The Unilateral Beginning: Focal Onset Patterns
The initial manifestation of ALS is classified into two main patterns based on where the motor neuron degeneration first occurs. The most common form is limb onset, where symptoms first appear in an arm or a leg, accounting for 70% to 75% of all cases. This onset is typically asymmetrical, starting with weakness or stiffness in a single limb. For instance, a person might notice an unexplained tripping or foot drop on only one side, or they may experience difficulty with fine motor tasks, like buttoning a shirt or turning a key, using only one hand.
The initial symptoms in limb-onset ALS can reflect damage to either upper motor neurons, causing stiffness and spasticity, or lower motor neurons, leading to muscle weakness, twitching (fasciculations), and atrophy. In the lower limbs, the first sign is frequently a weakness in the muscles of the foot and ankle. When the disease starts in the upper limbs, patients may first notice a loss of dexterity or grip strength, often starting in the small muscles of the hand. This localized, one-sided presentation is a direct result of the disease process targeting a specific segment of the spinal cord.
The second major presentation is bulbar onset, which accounts for about 25% of cases. This form begins in the muscles controlled by the brainstem, known as the bulbar region, which are responsible for speech, chewing, and swallowing. Initial signs include slurred speech (dysarthria) or difficulty swallowing (dysphagia). While bulbar symptoms affect the midline structures of the face and throat, they represent a highly localized start before the disease spreads to the spinal cord.

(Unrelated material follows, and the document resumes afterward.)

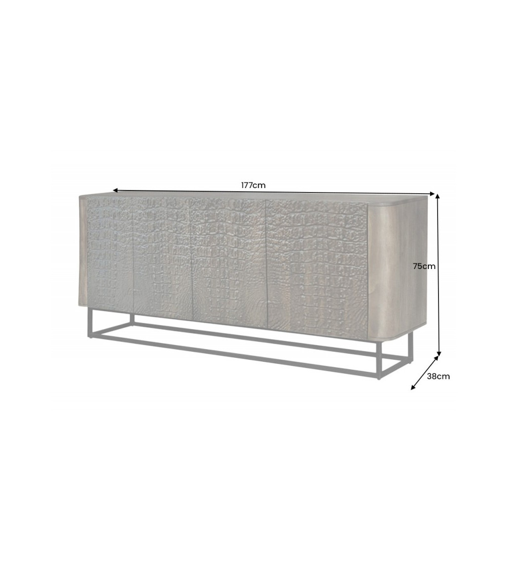 Le buffet CROCO est un chef-d'œuvre de design et d'artisanat, caractérisé par une surface en forme de crocodile soigneusement fabriquée à la main. Ce design distinctif apporte une touche d'élégance exotique à n'importe quel intérieur, transformant ce meuble en une pièce centrale dans votre décoration. Le corps du buffet est de couleur marron avec des accents noirs, tandis que le cadre est noir, ajoutant une touche moderne et industrielle.

Progression Beyond the Initial Site
Following its focal beginning, the disease inevitably progresses as the motor neuron loss extends to other body regions. This spread is most often contiguous, meaning it moves to adjacent muscle groups and nearby segments of the central nervous system before affecting distant areas. For example, if the initial symptoms began in the right hand, the weakness would typically move up the right arm to the shoulder before crossing the midline to the left arm or descending to the trunk or legs.
The degeneration moves from one spinal or brainstem region to the next, often crossing the midline to affect the corresponding limb on the opposite side. This progression from a focal, unilateral presentation to a generalized, bilateral, and systemic disease can vary significantly in its speed among individuals. The predictable, contiguous nature of the spread suggests a mechanism where the pathology may propagate from cell to cell within the nervous system.
Functions That Remain Intact
Despite the widespread loss of voluntary muscle control, ALS typically spares several important neurological functions. The sensory nervous system, which is responsible for the five senses, generally remains unaffected. This means that the ability to see, hear, taste, smell, and feel touch is preserved, even in advanced stages of the disease.
Additionally, the muscles controlling the bladder and bowel are usually spared, as the motor neurons that regulate these involuntary functions are distinct from those destroyed by ALS. For many patients, the muscles that control eye movement, known as the extraocular muscles, also retain their function until very late in the disease. While cognitive changes and behavioral symptoms can occur in a subset of patients, the core defining feature of ALS is the loss of motor function, and many individuals maintain their intellectual capacity throughout the disease.